*Task instructions*: Return exactly the lines of the entries that start at the line containing "Deven is a wide-leg" and continue to the last line. Omit the pictures.

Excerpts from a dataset
★ ★ ★ ★ ★
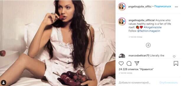 Голливудская актриса Анджелина Джоли покрасовалась образом в постели Звезда не ведет социальные сети и не делится фото с новых фотосессий. Тем не менее, в Инстаграм поклонники публикуют сами лучшие фото актрисы и делятся мнением по поводу ее внешнего вида. Также поклонники любят обсуждать образы Джоли, которые она примеряла ранее или даже когда была еще совсем подростком.
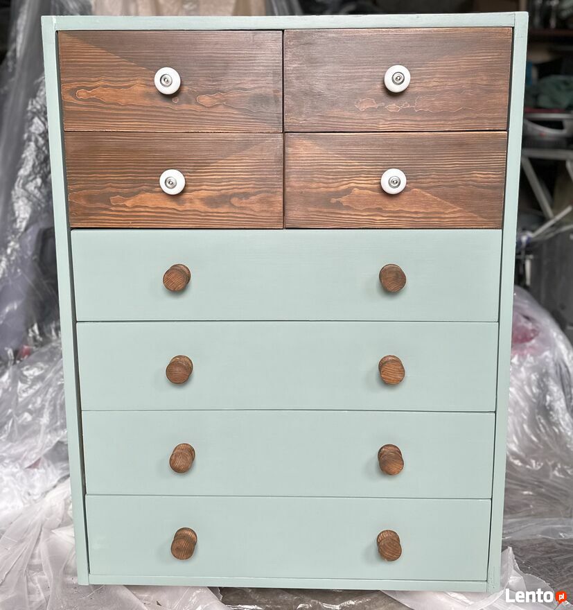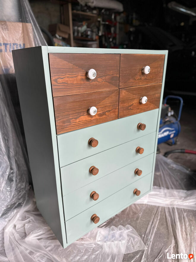 Unikalna komoda PRL po renowacji – styl retro z nowoczesnym twistem.Na sprzedaż wyjątkowa, odnowiona komoda z lat PRL – idealna do wnętrz w stylu vintage, boho, retro czy modern farmhouse. Mebel ma 8 pojemnych szuflad, które pomieszczą naprawdę sporo – od dokumentów po tekstylia.
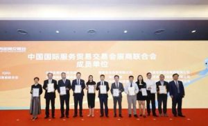 北京市政府、北京市商务局、北辰集团等相关领导为中国国际科技促进会、中国欧洲经济技术合作协会、全球化智库、中国会展经济研究会、全国商报联合会、中外运、中国太平洋保险、京东集团、阿里巴巴集团、五粮液公司、敦煌网、德勤中国、高通公司、美团、飞利浦公司、GE医疗、IQAir、安永中国、首都实业、北京银行、盈科律师事务所等40余家服贸会会展商联合会成员单位颁发证书。
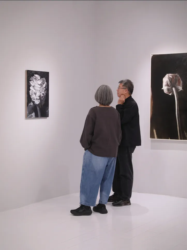 在您的作品中,“白色”超越了单纯的色彩,成为一种重要的意象(如“白色物”系列中的花朵)。您也曾专门研究过白色在现代绘画中的运用。在您看来,白色所特有的视觉质感(例如它的“软”与“硬”、“轻”与“重”),是如何与您作品中关于生命、呼吸乃至“不可见的精神”这些主题发生共振的?
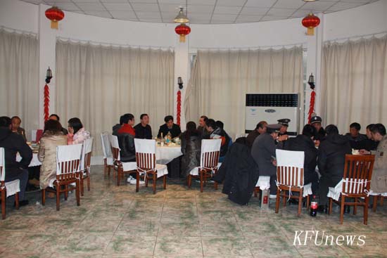 本站讯 1月22日,除夕之夜,爆竹齐鸣,喜气十足,年味浓浓,校内外到处洋溢着欢乐祥和的节日气氛。在合家欢聚之时,校领导莫华林、拜五四、储建新以及党政办公室、党委宣传部、学生工作部、保卫处、后勤服务中心和东京大道校区管委会等单位负责人与寒假期间在校的教职员工和留校学生在教职工餐厅共度佳节。
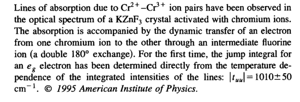 Lines of absorption due to Cr2+-Cr3+ ion pairs have been observed in the optical spectrum of a KZnF3 crystal activated with chromium ions. The absorption is accompanied by the dynamic transfer of an electron from one chromium ion to the other through an intermediate fluorine ion (a double 180° exchange). For the first time, the jump integral for an eg electron has been determined directly from the temperature dependence of the integrated intensities of the lines: |iuJ = 1010±50 cm-1. © 1995 American Institute of Physics.
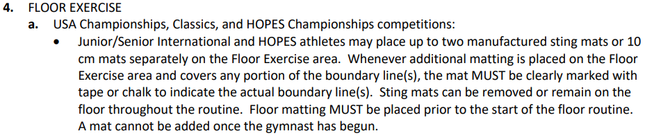 En términos absolutos, hay dos recaudos para tomar. El primero es que en los torneos domésticos hay reglas diferentes para colchonetas suplementarias. Las aprovechan todas las gimnastas, pero en un torneo FIG llevarían deducción neutral. Esta es la que aplica a Elite:
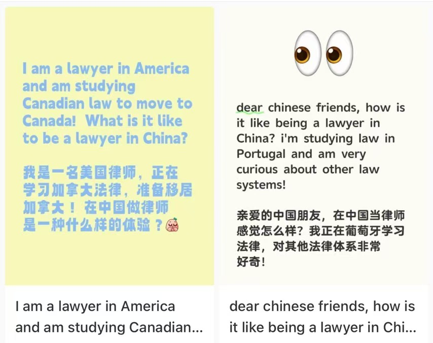 外国律师在小红书上的分享别具一格,为平台带来了别样的法律文化风景。他们将目光聚焦于中国独特的法律体系与法律实践,以一种充满好奇与探索的态度深入其中。他们好奇作为中国律师的体验,利用小红书的图片问问题功能与中国的网友进行交流。
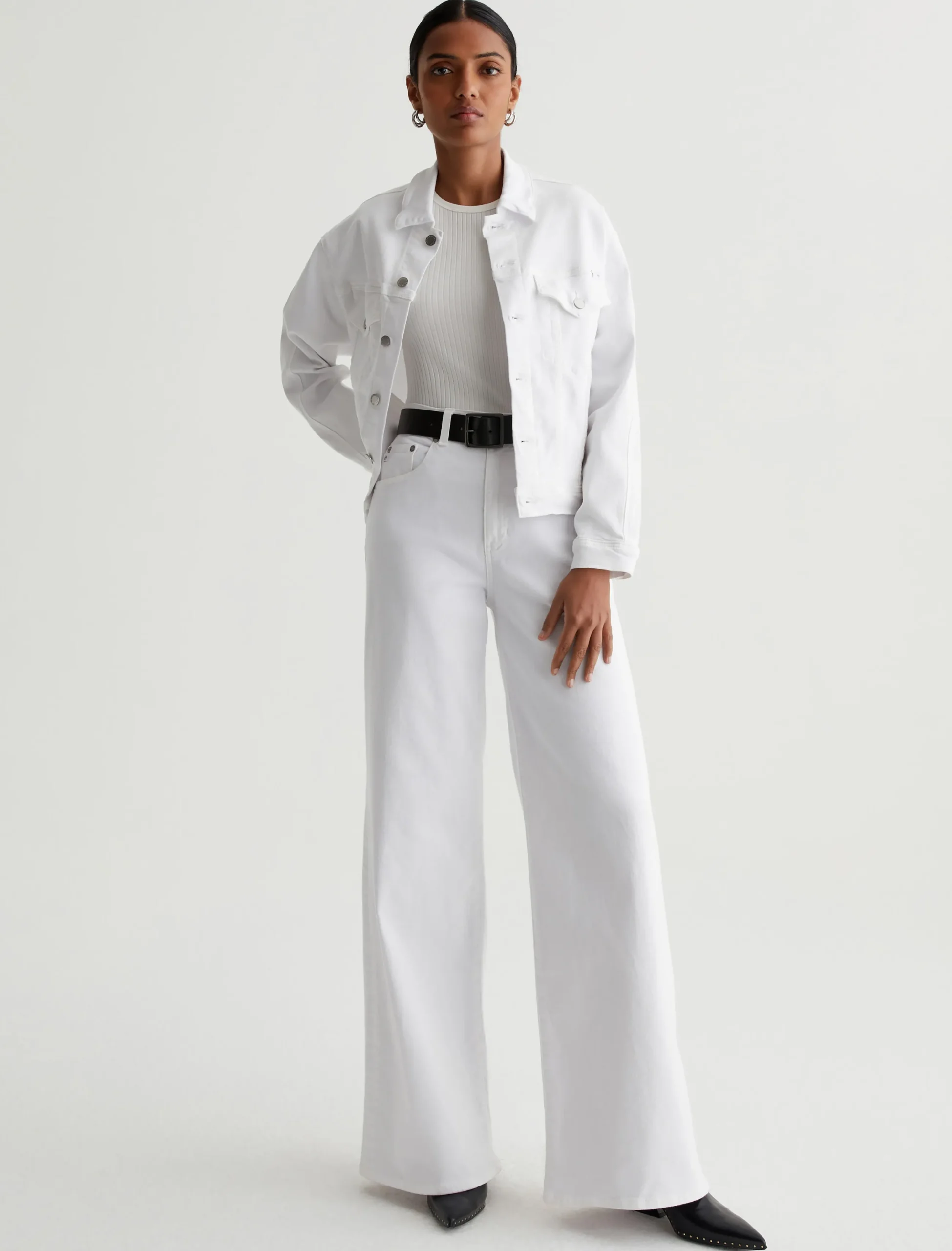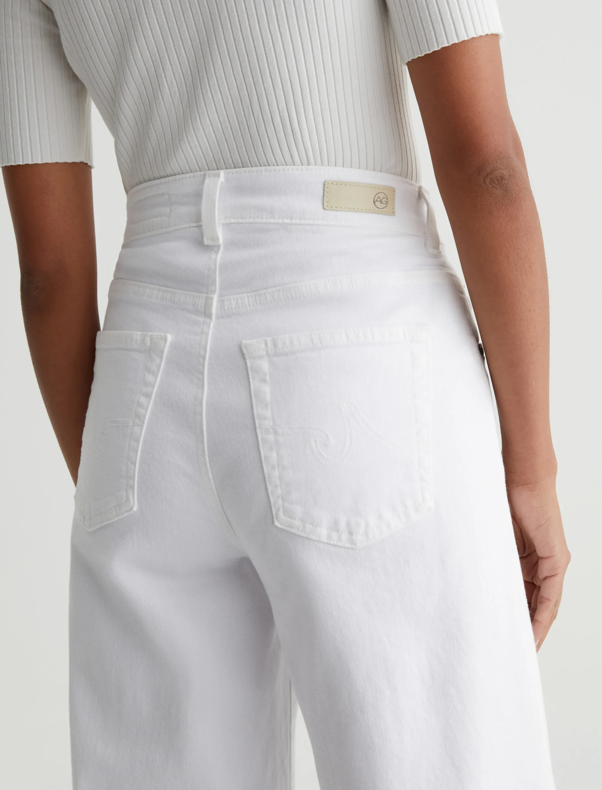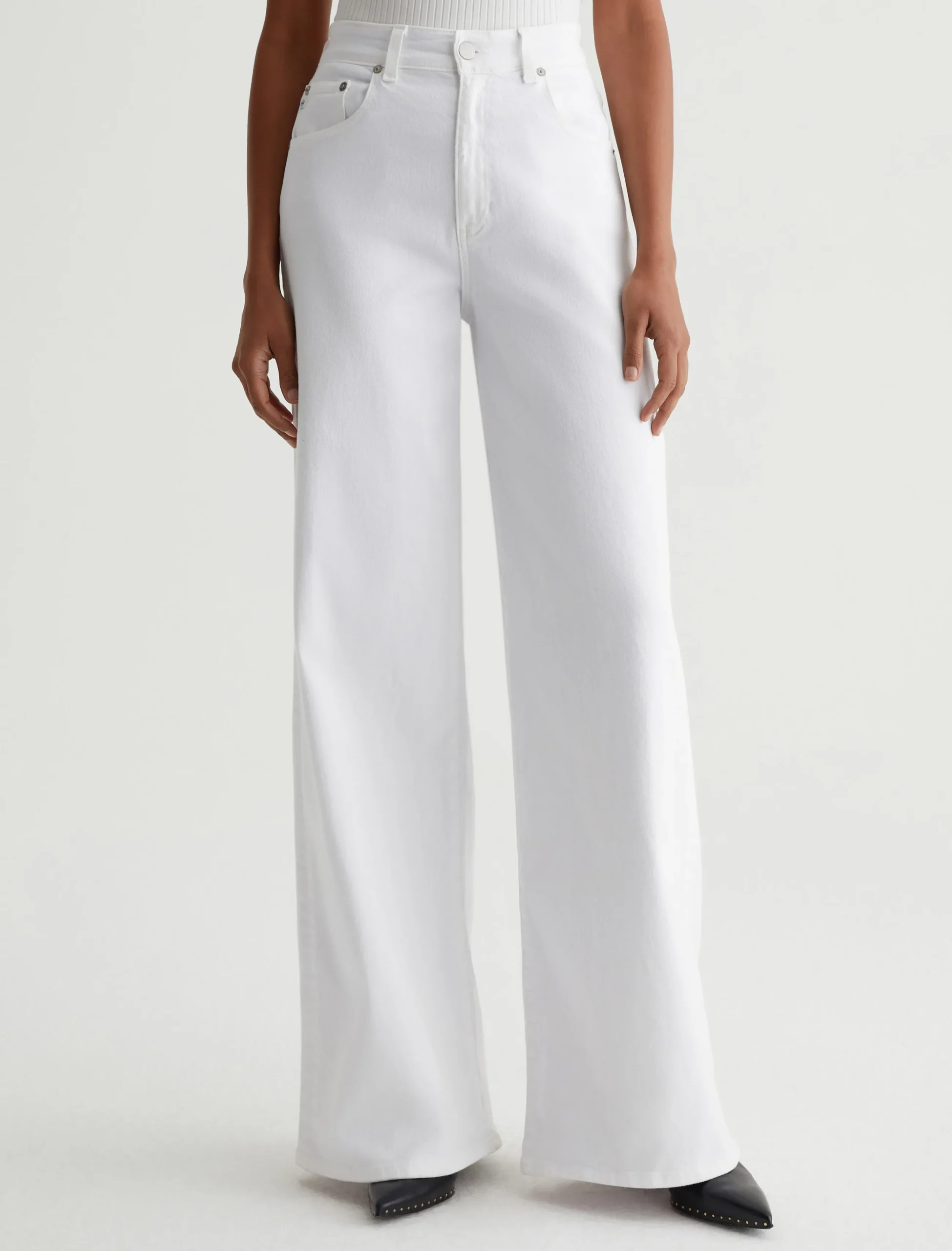 Deven is a wide-leg jean with an ultra-high rise and a floor-length inseam. Updated here in white, this pair features 9.7 oz. Hyper-Soft Stretch Denim, an exclusive AG Cloud Soft Denim™ fabric. It’s got special left-hand twill construction that allows the yarns to gently relax and untwist for a luxe, supple feel.
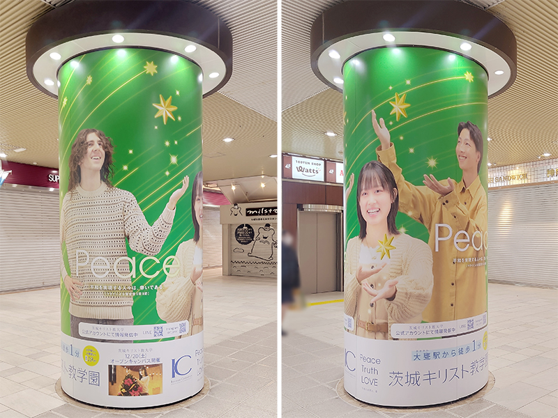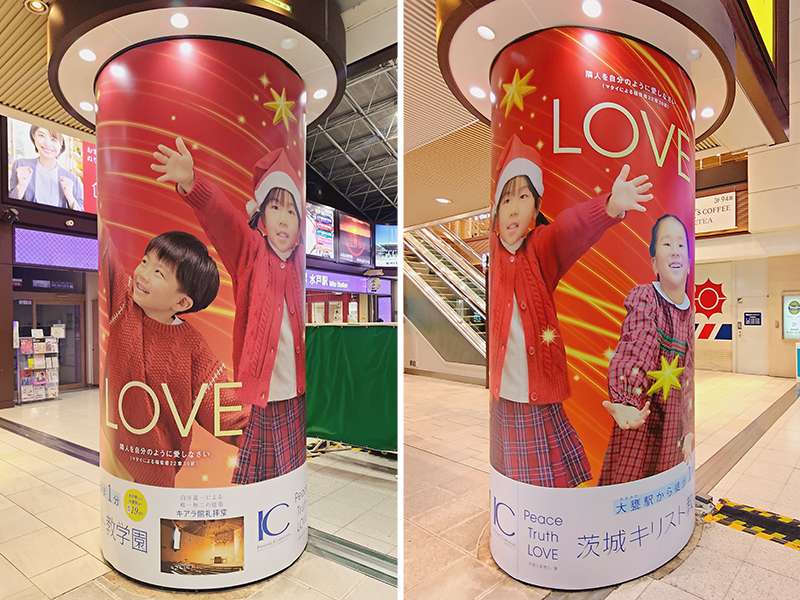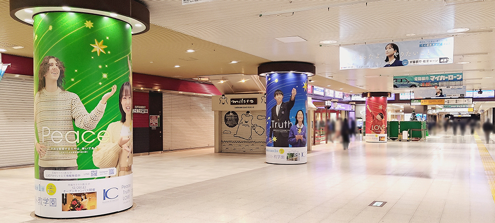 水戸駅に学園アドピラー(クリスマスバージョン)が掲出されました。【本記事】
★ ★ ★ ★ ★
*Your response*:
 Deven is a wide-leg jean with an ultra-high rise and a floor-length inseam. Updated here in white, this pair features 9.7 oz. Hyper-Soft Stretch Denim, an exclusive AG Cloud Soft Denim™ fabric. It’s got special left-hand twill construction that allows the yarns to gently relax and untwist for a luxe, supple feel.
 水戸駅に学園アドピラー(クリスマスバージョン)が掲出されました。【本記事】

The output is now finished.